Als Kinderarzt zeige ich euch heute die häufigsten Ursachen – damit ihr besser einschätzen könnt, was gerade los ist.
Die häufigsten Ursachen im Überblick
1 Virusinfekte
Viele Viren verursachen Hautausschläge als Begleiterscheinung – das nennt man auch ein „Exanthem". Der bekannteste Virus: das Drei-Tage-Fieber – typisch hier ist sehr hohes Fieber für 3 Tage, dann bricht das Fieber weg und ein fleckig-rosiger Ausschlag bricht aus. Dieser Ausschlag ist zum Glück harmlos. Auch andere Viren (z.B. Adenoviren, Enteroviren) können Ausschläge verursachen. Typischerweise sind diese Virus-Exantheme symptomarm – sie jucken oder brennen nicht und müssen daher auch nicht behandelt werden.
2 Hand-Fuß-Mund-Krankheit
Typisch: Bläschen im Mund, an Händen und Füßen, manchmal auch am Po – begleitet von leichtem Fieber und Unwohlsein. Sehr ansteckend, der Krankheitsverlauf ist meist mild und die Bläschen heilen von selbst ab. Nur bei ausgeprägtem Befund können lokal betäubende Mundlösungen oder Schmerzsaft notwendig sein.
3 Windpocken (Varizellen)
Bei Windpocken sind stark juckende Bläschen typisch, die sich über den ganzen Körper ausbreiten – „Tautropfen auf Rosenblättern". Windpocken sind sehr ansteckend, aber inzwischen aufgrund der Impfung zum Glück selten geworden. Seit 2004 gibt es die Impfung, die für alle Kinder empfohlen ist und meistens als Kombination mit Mumps, Masern und Röteln geimpft wird.
4 Masern
Dunkelroter, flächiger Ausschlag, der hinter den Ohren beginnt. Typische Begleitsymptome: hohes Fieber, Husten, Bindehautentzündung.
5 Scharlach
Feinfleckiger, rauer Ausschlag (fühlt sich wie Schmirgelpapier an), begleitet von starkem Halsweh und Fieber. Auslöser sind Bakterien (A-Streptokokken) – und können daher mit Antibiotika (z.B. Penicillin) behandelt werden.
6 Allergischer Ausschlag (Urtikaria / Nesselsucht)
Typisch für die Urtikaria sind rote, erhabene, stark juckende Quaddeln, die kommen und gehen. Kann durch Lebensmittel, Medikamente, Insektenstiche oder Berührung ausgelöst werden. Meist harmlos – aber bei Atemnot oder Gesichtsschwellung unbedingt zum Arzt. Übrigens kann eine Urtikaria auch im Rahmen von Infekten auftreten. Bei Juckreiz kann euer Kinderarzt ein Antihistaminikum (z.B. Cetirizin) verschreiben.

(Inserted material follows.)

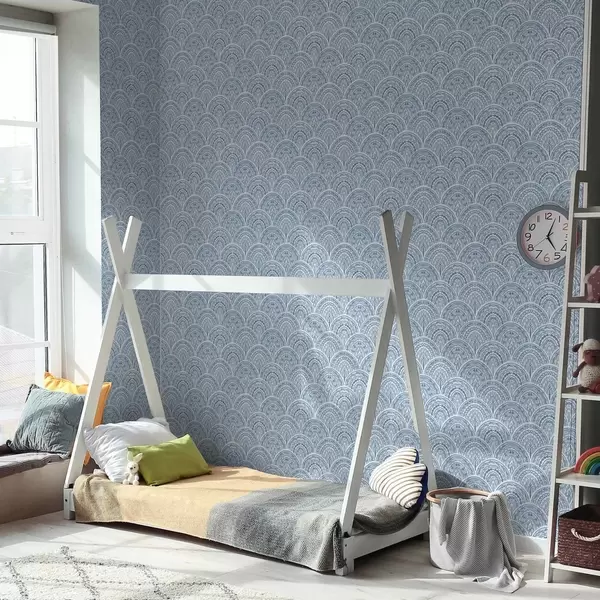 Tapeta Modrý ornament s oblúkmi a vzormi Nr. a00332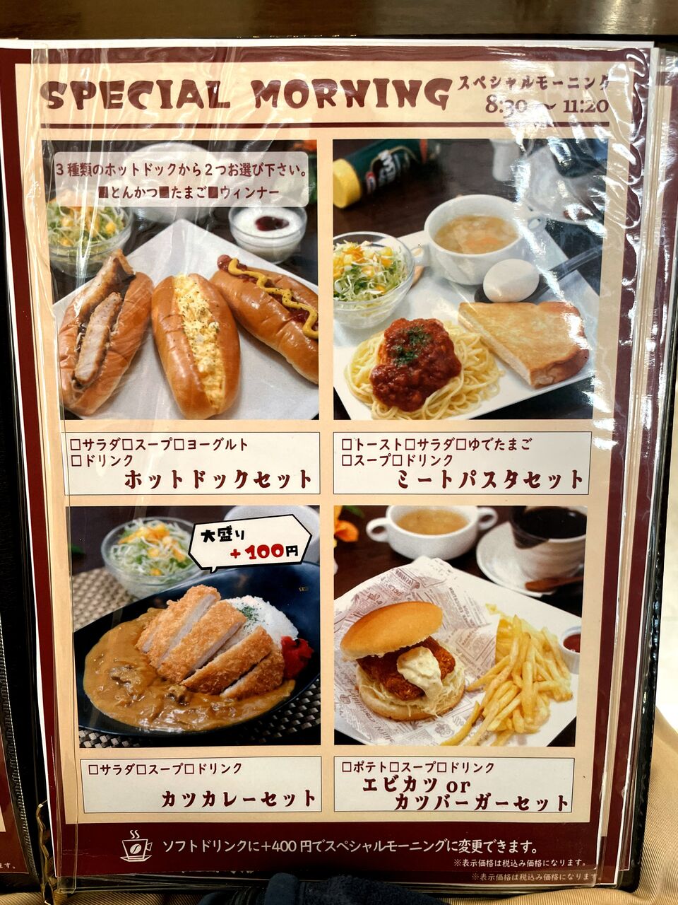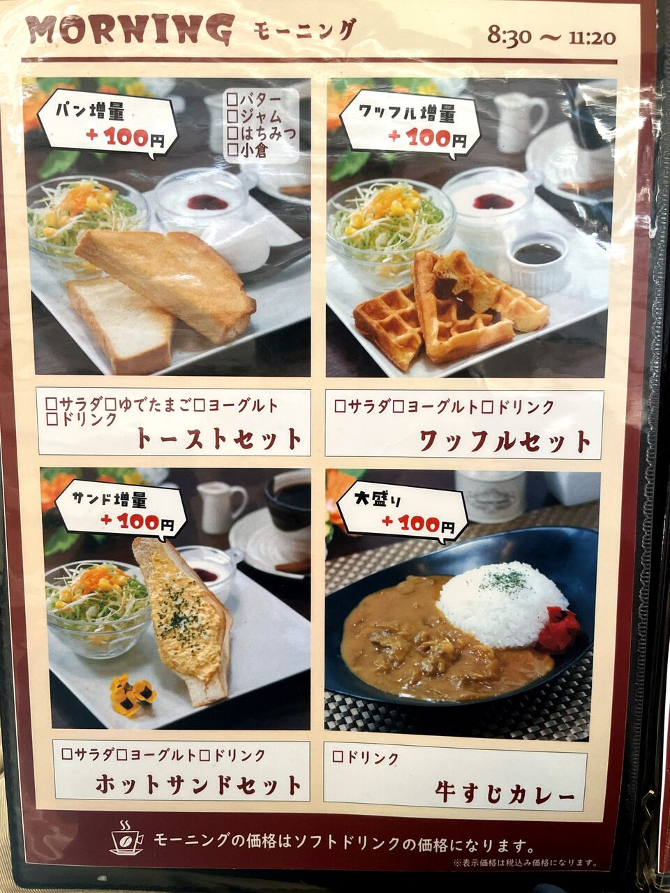 ドリンク代のみのモーニングから牛すじカレーを選びました♪

7 Neurodermitis (Atopisches Ekzem)
Klassisch ist die chronische, trockene und stark juckende Haut – typisch an Ellenbogen, Kniekehlen oder im Gesicht. Neurodermitis ist eine genetisch bedingte Hauterkrankung mit gestörter Hautbarriere. Wichtig ist daher die tägliche Hautpflege mit rückfettenden Cremes – in Schüben können kortisonhaltige Präparate oder Calcineurin-Inhibitoren eingesetzt werden.
8 Windeldermatitis
Typisch sind gerötete, gereizte Haut im Windelbereich. Ursache: Feuchtigkeit und Reibung. Behandlung: häufiges Wechseln, Feuchttücher ohne Zusatzstoffe (am besten nur Wasser), zinkoxidhaltige Wundschutzcreme, frische Luft und „Windelfreie Zeit".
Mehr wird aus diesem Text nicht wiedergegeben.